What Would You Do If You Encountered An Armed Gunman?

Posted: July 25, 2012 in crime
Tags: , ,

I want to first say that my thoughts and prayers go out to the victims and families of the Aurora, Colorado shooting.

The news is filled with stories of the shooting, the victims, and the gunman.  One comment made by the media was about how Columbine forever changed the way we react to armed shooters.  Much like 9/11 changed the way airlines respond to hijackers.

I was working for General Motors Acceptance Corp. (GMAC) in California in 1990 when a branch office in Jacksonville, Florida was the scene of a massacre.  James Edward Pough walked into a large office of 85 employees and opened fire, killing eight, before turning the gun on himself.  Survivors talked about the victims who tried to hide under their desks, only to be killed by the gunman who went from desk to desk, shooting them one by one.

I work on a college campus, and after the Virginia Tech attack by Seung-Hui Cho, campus police put together a workshop about what to do if an armed gunman was loose on campus.  The first thing they said was “if you think you hear gunfire, then it is very likely that what you’re hearing is gunfire.”  Do not run outside to investigate.  Barricade yourself in a room (preferably one without windows) and stay there until law enforcement arrives and gives the all-clear.  The officers conducting the workshop explained that a shooter, or shooters, are out to kill as many people as they can as quickly as they can.  They will generally fire into a room, but will more likely move on to easier targets, rather than taking the time to break in.
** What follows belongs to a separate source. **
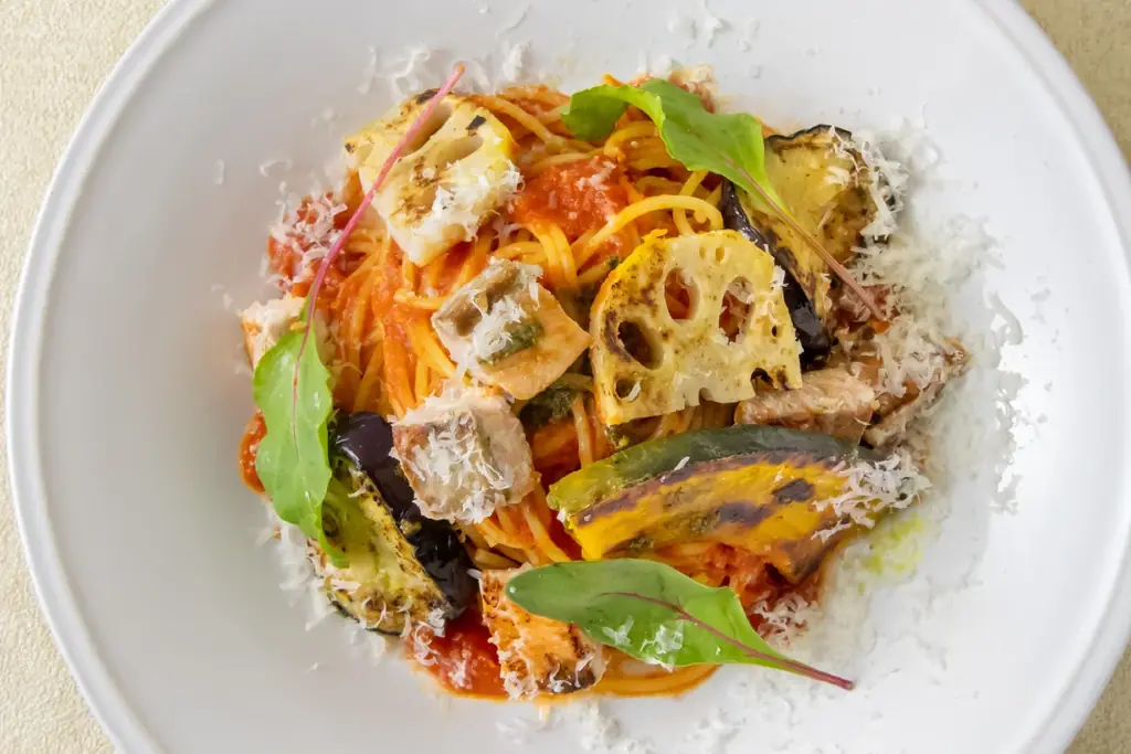 秋鮭と旬野菜ローストのトマトソースパスタは、1628円(税込)で提供されます。このパスタは、旬の秋鮭を大胆に使い、彩り豊かな旬野菜をごろごろと配したトマトソースが持ち味です。

As we walked into the workshop, we were all handed ping-pong balls.  Later, as part of a simulation exercise, we were told that one of the officers was going to come through the door with his arms up as if holding a weapon.  We were told to throw the ping-pong balls at him the second he opened the door.  His reaction was to raise his hands to cover his face.  Obviously, this would not have worked in the Aurora situation, but I believe preparation for whatever situation you find yourself in is helpful.

The workshop also included a video of actual footage from the Columbine massacre.  It showed the killers firing their weapons, not the actual killing of victims.  But it was still very chilling in spite of that.  At one point you see the two shooters spraying bullets and then pausing to yell at someone to “stop!”  And you hear the voice of the would-be victim yelling back “F**k you!”  That student survived.

I know I’m better prepared for having attended the workshop.   I hope that none of us ever have to make that kind of split-second decision, but I’m glad to be able to share these possible life-saving measures.

Take care.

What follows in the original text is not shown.